Mahone sighed, rubbing his fingers along his pen, “tell her to talk to someone else about it.”
“She said that she wanted to talk to, and I quote, ‘the one on TV who said he could catch them.’ So should I schedule her interview before the conference or the conference before the interview because if you talk to her first the public will want to know why they weren’t warned about Bagwell as soon as we knew but if you warn them first then she’ll become a pretty good human interest story and you’ll be painted as uncaring.”
“Just… sort it out.”
“But which should be scheduled first?”
“Just do the conference!”
The man walked away quickly and Mahone pulled his pen out of his pocket, his plans quashed when a woman came up beside him, “there don’t seem to be any bodies in the car.”

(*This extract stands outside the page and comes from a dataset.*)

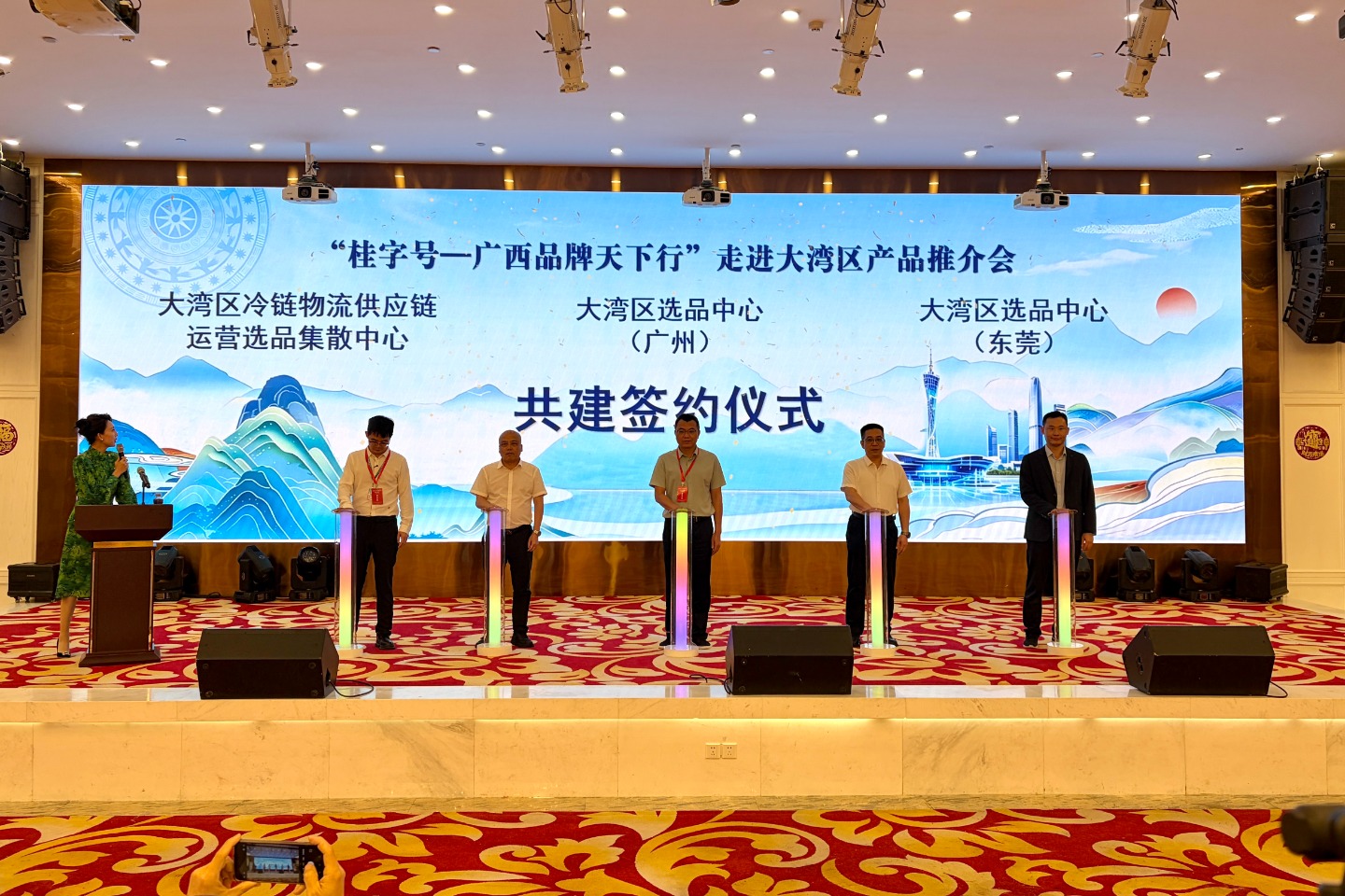 玉湖冷鏈(廣州)交易中心副董事長張春華受邀出席並作主旨演講,現場與廣西壯族自治區產品質量檢驗研究院黨委書記、院長蒙泳,廣西壯族自治區對接粵港澳大灣區建設綜合服務中心主任黎錦共同簽署《「桂字號——廣西品牌天下行」大灣區冷鏈物流供應鏈運營選品集散中心共建合作協議》。三方將展開為期五年的深度協作,攜手打造「桂字號」冷鏈中心,為廣西優質農產品「入灣出海」鋪設高效通道。
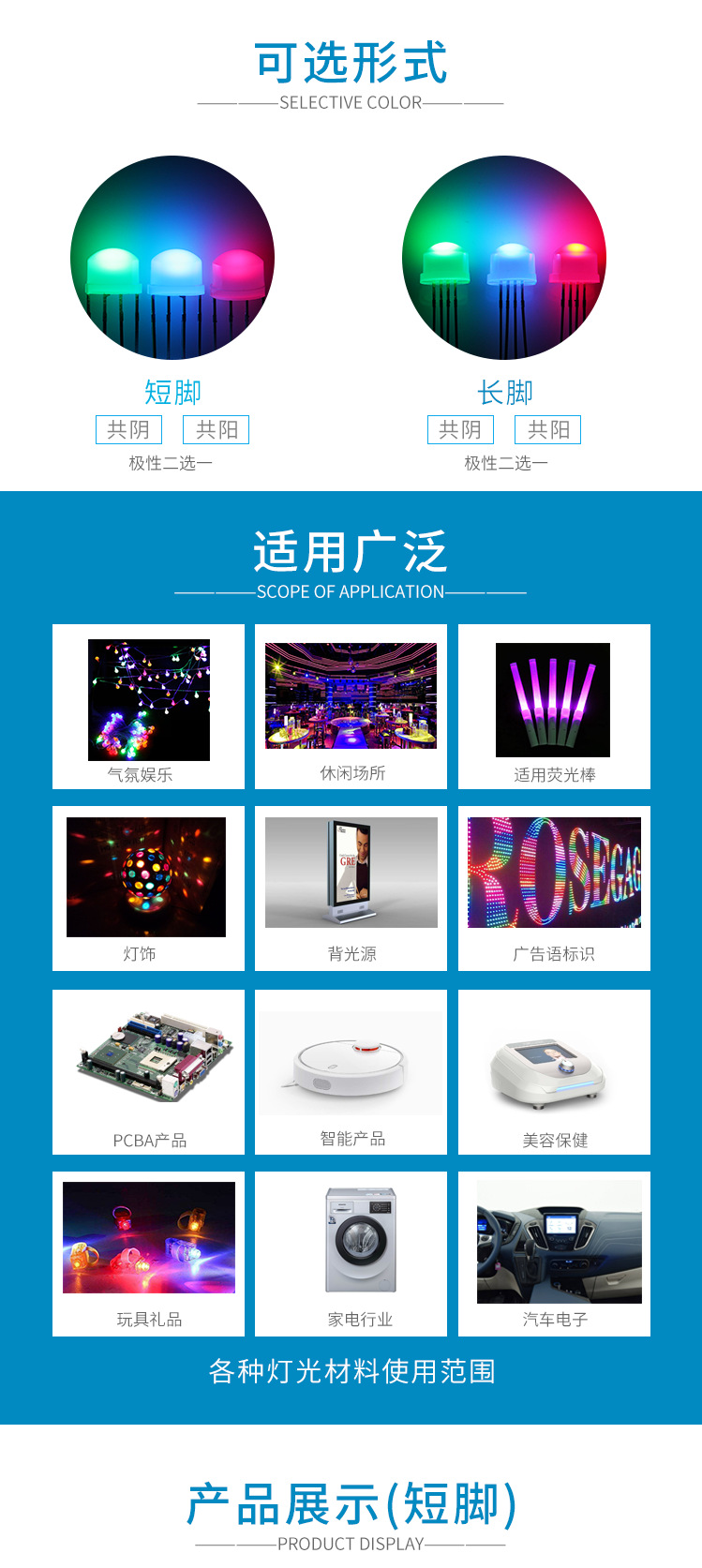以下是关于 台铭光电8mm草帽四脚全彩RGB高亮灯珠共阴共阳F8直插LED灯珠的详细信息整理,供您参考:

“Of course there aren’t,” he walked away from her, knowing that she was confused by him but not caring. He felt as though the world was crumbling around him, Michael and Lincoln would be far away by now, and he had no idea which the next segment of the tattoo he needed to study was and now people would expect him to leave his obsession alone to deal with Bagwell and to allay their fears with meaningless speeches about Presidents.
But, more than anything else that was weighing down on him, it was the feeling that he could have stopped Gudat’s death if he had been an underling. He would have focused on the less interesting criminal, the more boring interviews and the less glamorous locations but, for all his success he’d had in the past, it just led to having to lie and tell a widow that there was nothing that anyone could have done.